Nelson, the Moisin-Nagant rifle never had anything "tactical" as a factory add-on. ALL of this crap is after-market junk designed to remove your money from your wallet, painlessly enough that you don't call the cops. It's very flashy, designed by its gaudiness to attract the people who have money to burn and who don't know any better. Think of it as being rather like swapping beads and shiny things to the Indians and walking away with Manhattan Island.

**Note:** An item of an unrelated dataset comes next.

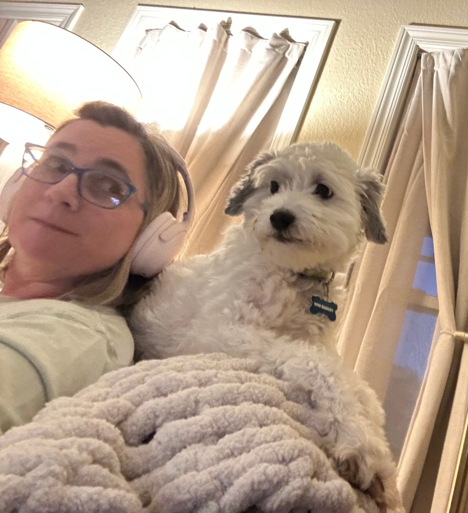 Boo Radley, our rescue Schnoodle with multiple issues, fears, and insecurities, just likes to be close to us when we are settled and relaxing. His favorite thing is to get on the back of the chair and put his head on my shoulder, “sharing” my headphones. Every once in a while, as if on cue, he reacts to a poem in the same way I do……and I can feel it!

Military rifle stocks are designed over a period of years into their final forms. In the case of the Lee-Enfield rifle, this process began with the introduction of the Remintgon-Lee Rifle in 1879. The British liked the basic bolt system and the magazine, but they already had the Martini in production and so could see the advantages of a 2-piece stock.... so they modified the Lee action in such fashion that said 2-piece stock could be used to advantage. Then they built the rifle, first in a .402 (likely half a dozen specimens) and then finally in the new .303 cartridge which the Royal Laboratory had designed with input from Major Rubin. Over the following years the 8-shot magazine gave way to the 10-rounder, Metford rifling gave way to Enfield rifling (also invented by Metford, by the way), the long Rifle and short Carbine combination gave way to a single Short Rifle, charger-loading was developed, a lighter barrel was introduced, the Cordite was modified to a much-less-erosive type..... and the Rifle, Short, Magazine Lee-Enfield Mark III was approved for manufacture at the end of January of 1907.
By that time it was PERFECT. The stock protected the hands of the shooter, it kept the sights well visible and usable when the barrel was good and hot, it provided a very solid platform for the Bayonet..... and it rebalanced the entire assembly into absolutely the SWEETEST bayonet-fighting combination ever developed, anywhere.
So the stock on a proper Lee-Enfield as absolutely as TACTICAL as they get.
No PLASTIC abortion of a thing can possibly fit the role as well.